» **Task details**:
The answer must be a word-for-word copy of the records below, with every picture left out.

(Data excerpts)
****

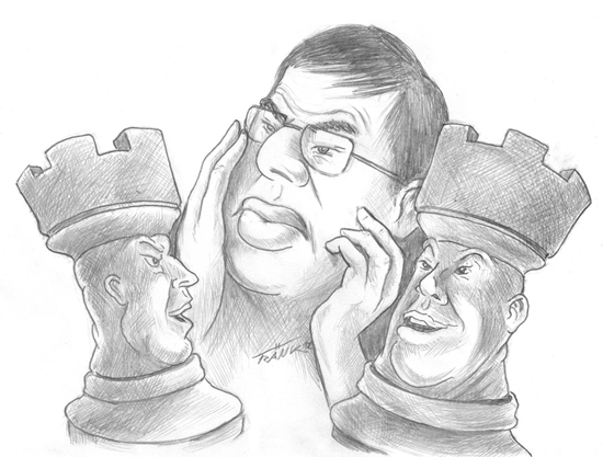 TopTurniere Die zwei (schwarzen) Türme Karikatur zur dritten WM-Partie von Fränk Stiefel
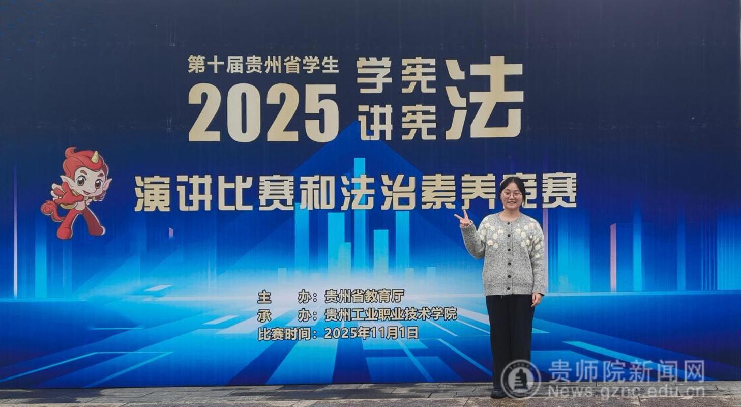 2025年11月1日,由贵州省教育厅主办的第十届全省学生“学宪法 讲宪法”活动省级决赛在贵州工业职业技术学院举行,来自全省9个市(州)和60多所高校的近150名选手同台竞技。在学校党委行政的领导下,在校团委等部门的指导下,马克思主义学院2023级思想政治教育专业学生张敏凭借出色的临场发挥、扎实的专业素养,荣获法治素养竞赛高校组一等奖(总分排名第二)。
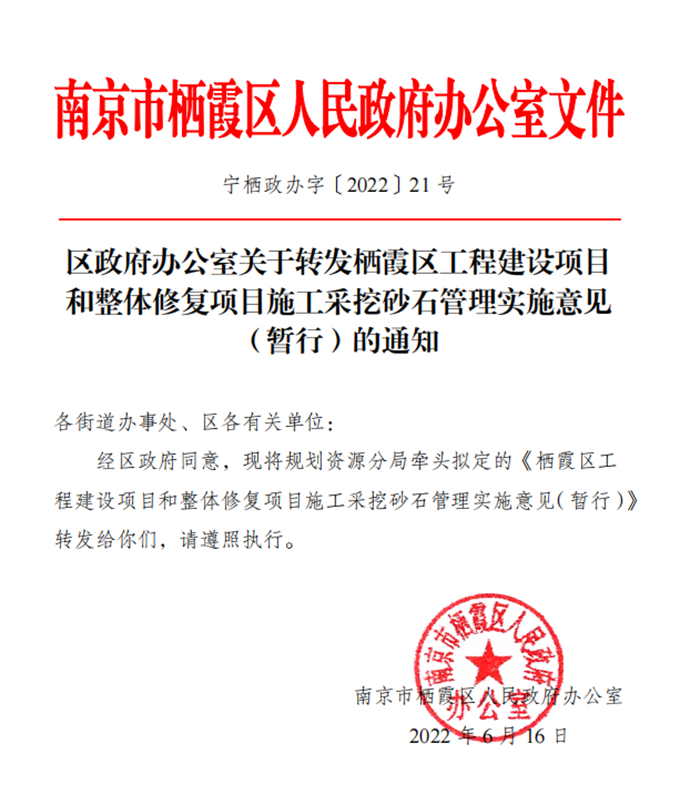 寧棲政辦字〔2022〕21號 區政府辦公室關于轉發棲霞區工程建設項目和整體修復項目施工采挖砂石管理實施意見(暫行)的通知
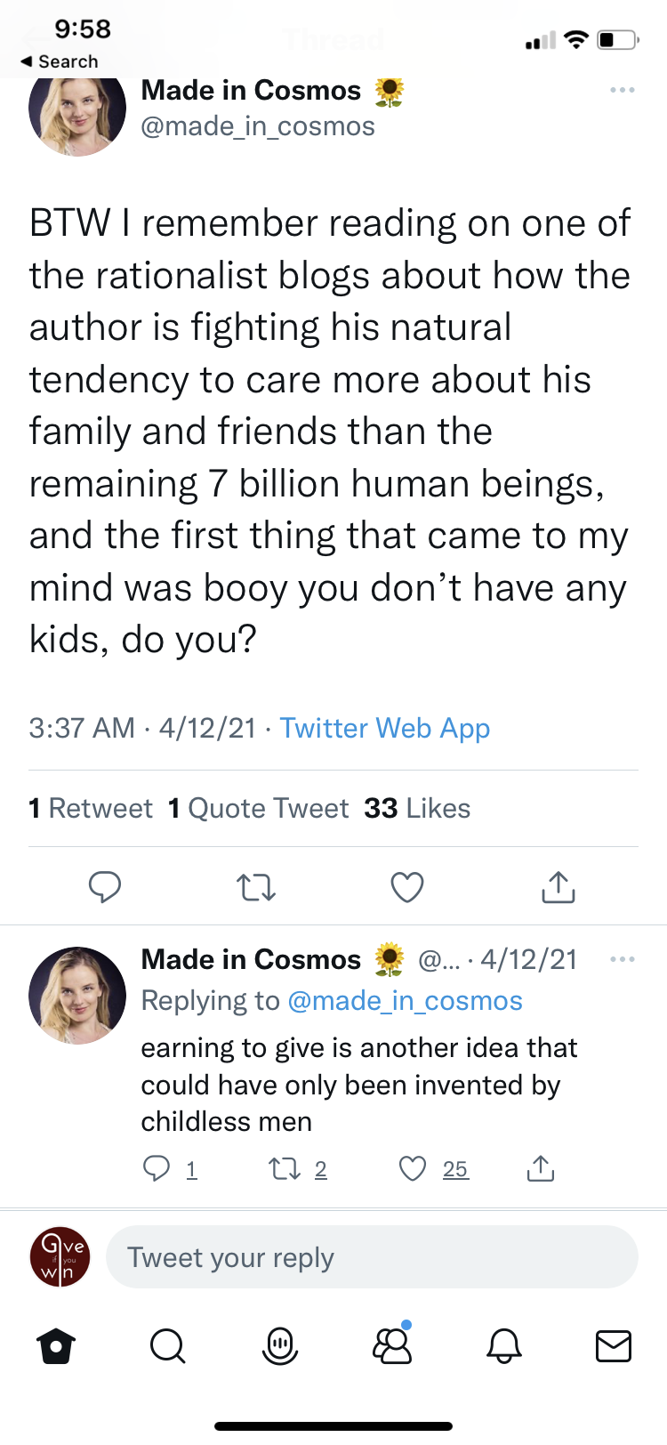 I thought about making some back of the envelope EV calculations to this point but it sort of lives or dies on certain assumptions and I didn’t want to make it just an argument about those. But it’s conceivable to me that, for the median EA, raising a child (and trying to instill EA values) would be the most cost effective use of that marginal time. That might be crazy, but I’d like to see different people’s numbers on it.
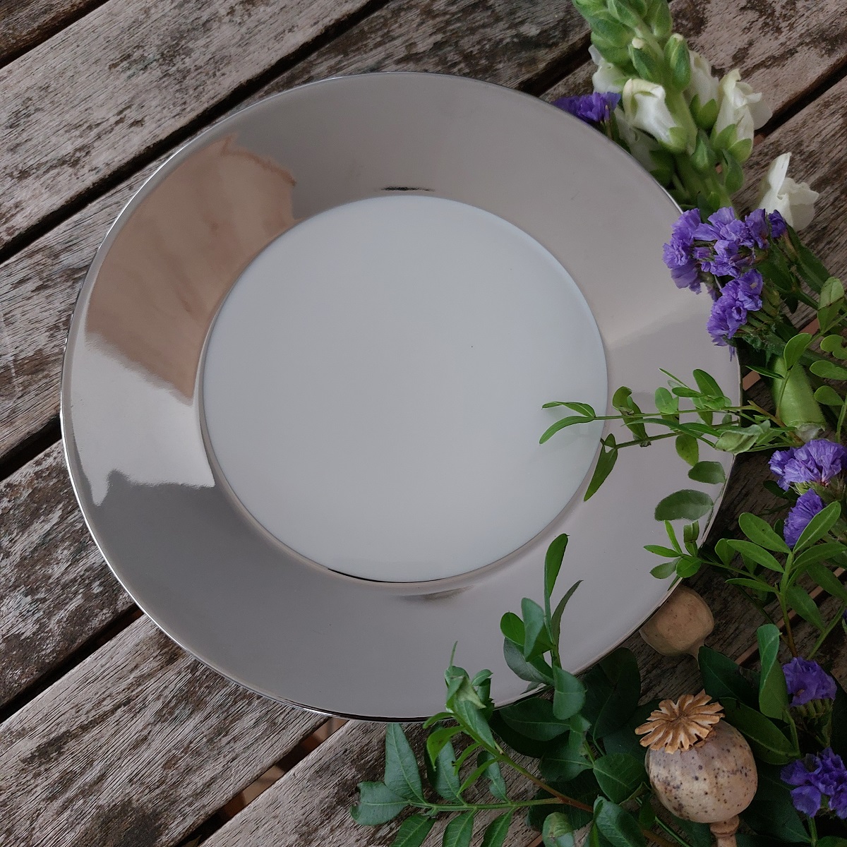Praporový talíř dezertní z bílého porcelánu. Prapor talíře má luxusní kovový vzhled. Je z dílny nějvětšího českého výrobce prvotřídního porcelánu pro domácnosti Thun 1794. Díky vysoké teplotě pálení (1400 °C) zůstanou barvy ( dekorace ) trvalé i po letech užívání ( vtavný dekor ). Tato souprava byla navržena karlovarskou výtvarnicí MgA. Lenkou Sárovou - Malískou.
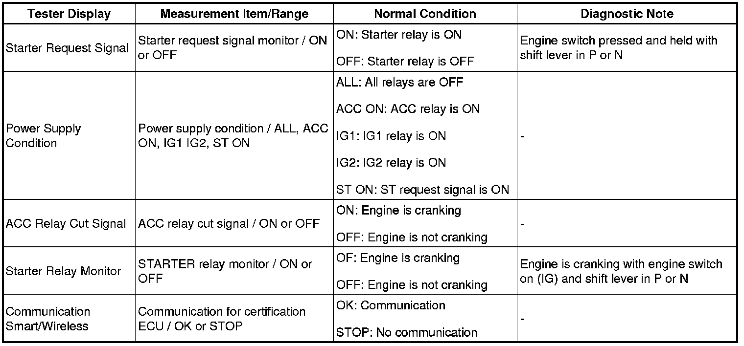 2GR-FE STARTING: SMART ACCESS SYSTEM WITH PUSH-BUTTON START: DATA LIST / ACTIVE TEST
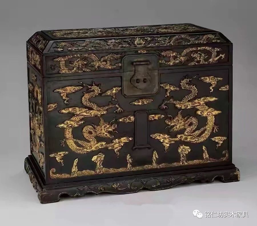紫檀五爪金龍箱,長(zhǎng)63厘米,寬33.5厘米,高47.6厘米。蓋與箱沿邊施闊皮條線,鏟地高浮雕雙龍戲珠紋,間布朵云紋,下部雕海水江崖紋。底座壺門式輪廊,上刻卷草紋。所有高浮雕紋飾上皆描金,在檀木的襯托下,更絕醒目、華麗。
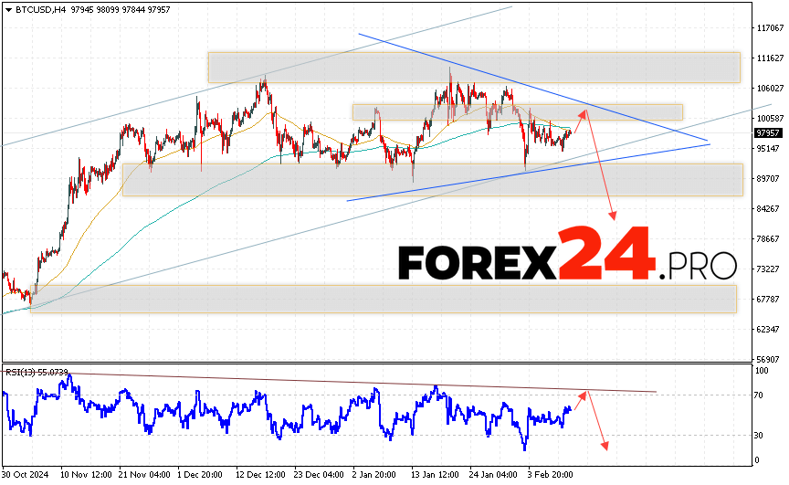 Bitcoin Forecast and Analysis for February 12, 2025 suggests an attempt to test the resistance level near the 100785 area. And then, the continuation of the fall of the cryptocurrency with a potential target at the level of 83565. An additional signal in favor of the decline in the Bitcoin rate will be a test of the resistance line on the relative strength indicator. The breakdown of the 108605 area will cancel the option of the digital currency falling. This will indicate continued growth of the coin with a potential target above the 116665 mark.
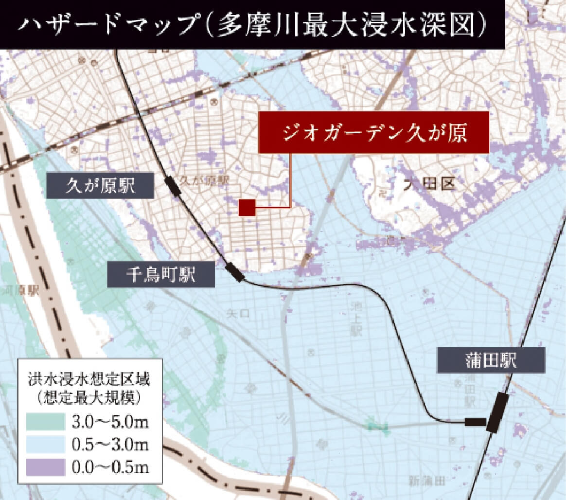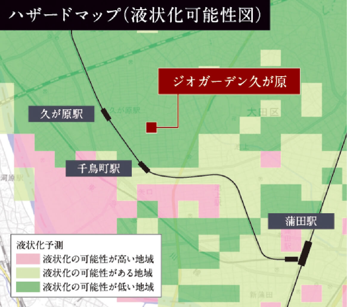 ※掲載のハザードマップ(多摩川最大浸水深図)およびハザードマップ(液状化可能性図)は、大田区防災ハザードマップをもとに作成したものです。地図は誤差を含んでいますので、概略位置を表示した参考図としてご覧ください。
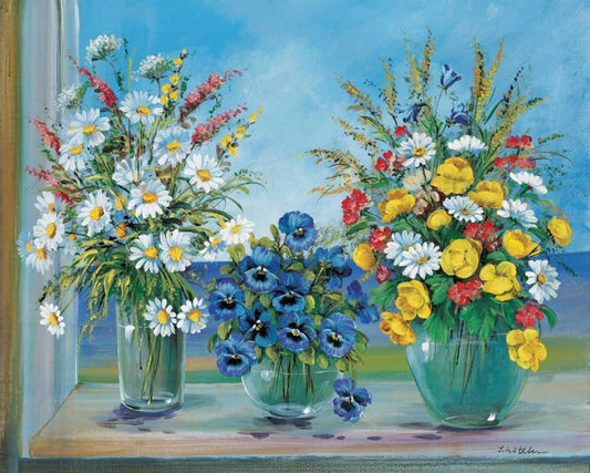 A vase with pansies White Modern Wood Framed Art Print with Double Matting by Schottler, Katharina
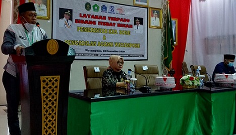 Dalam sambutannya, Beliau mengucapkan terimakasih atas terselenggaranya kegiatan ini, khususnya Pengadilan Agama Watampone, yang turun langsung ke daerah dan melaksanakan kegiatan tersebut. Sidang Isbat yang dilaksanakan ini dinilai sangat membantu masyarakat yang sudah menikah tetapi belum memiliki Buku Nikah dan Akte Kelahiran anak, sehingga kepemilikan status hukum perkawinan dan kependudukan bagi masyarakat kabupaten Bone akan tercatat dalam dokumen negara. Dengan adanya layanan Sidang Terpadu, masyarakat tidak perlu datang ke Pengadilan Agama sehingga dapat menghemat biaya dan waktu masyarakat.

****

» **Task output**:
 TopTurniere Die zwei (schwarzen) Türme Karikatur zur dritten WM-Partie von Fränk Stiefel
 2025年11月1日,由贵州省教育厅主办的第十届全省学生“学宪法 讲宪法”活动省级决赛在贵州工业职业技术学院举行,来自全省9个市(州)和60多所高校的近150名选手同台竞技。在学校党委行政的领导下,在校团委等部门的指导下,马克思主义学院2023级思想政治教育专业学生张敏凭借出色的临场发挥、扎实的专业素养,荣获法治素养竞赛高校组一等奖(总分排名第二)。
 寧棲政辦字〔2022〕21號 區政府辦公室關于轉發棲霞區工程建設項目和整體修復項目施工采挖砂石管理實施意見(暫行)的通知
 I thought about making some back of the envelope EV calculations to this point but it sort of lives or dies on certain assumptions and I didn’t want to make it just an argument about those. But it’s conceivable to me that, for the median EA, raising a child (and trying to instill EA values) would be the most cost effective use of that marginal time. That might be crazy, but I’d like to see different people’s numbers on it.
Praporový talíř dezertní z bílého porcelánu. Prapor talíře má luxusní kovový vzhled. Je z dílny nějvětšího českého výrobce prvotřídního porcelánu pro domácnosti Thun 1794. Díky vysoké teplotě pálení (1400 °C) zůstanou barvy ( dekorace ) trvalé i po letech užívání ( vtavný dekor ). Tato souprava byla navržena karlovarskou výtvarnicí MgA. Lenkou Sárovou - Malískou.
 2GR-FE STARTING: SMART ACCESS SYSTEM WITH PUSH-BUTTON START: DATA LIST / ACTIVE TEST
紫檀五爪金龍箱,長(zhǎng)63厘米,寬33.5厘米,高47.6厘米。蓋與箱沿邊施闊皮條線,鏟地高浮雕雙龍戲珠紋,間布朵云紋,下部雕海水江崖紋。底座壺門式輪廊,上刻卷草紋。所有高浮雕紋飾上皆描金,在檀木的襯托下,更絕醒目、華麗。
 Bitcoin Forecast and Analysis for February 12, 2025 suggests an attempt to test the resistance level near the 100785 area. And then, the continuation of the fall of the cryptocurrency with a potential target at the level of 83565. An additional signal in favor of the decline in the Bitcoin rate will be a test of the resistance line on the relative strength indicator. The breakdown of the 108605 area will cancel the option of the digital currency falling. This will indicate continued growth of the coin with a potential target above the 116665 mark.
 ※掲載のハザードマップ(多摩川最大浸水深図)およびハザードマップ(液状化可能性図)は、大田区防災ハザードマップをもとに作成したものです。地図は誤差を含んでいますので、概略位置を表示した参考図としてご覧ください。
 A vase with pansies White Modern Wood Framed Art Print with Double Matting by Schottler, Katharina
 Dalam sambutannya, Beliau mengucapkan terimakasih atas terselenggaranya kegiatan ini, khususnya Pengadilan Agama Watampone, yang turun langsung ke daerah dan melaksanakan kegiatan tersebut. Sidang Isbat yang dilaksanakan ini dinilai sangat membantu masyarakat yang sudah menikah tetapi belum memiliki Buku Nikah dan Akte Kelahiran anak, sehingga kepemilikan status hukum perkawinan dan kependudukan bagi masyarakat kabupaten Bone akan tercatat dalam dokumen negara. Dengan adanya layanan Sidang Terpadu, masyarakat tidak perlu datang ke Pengadilan Agama sehingga dapat menghemat biaya dan waktu masyarakat.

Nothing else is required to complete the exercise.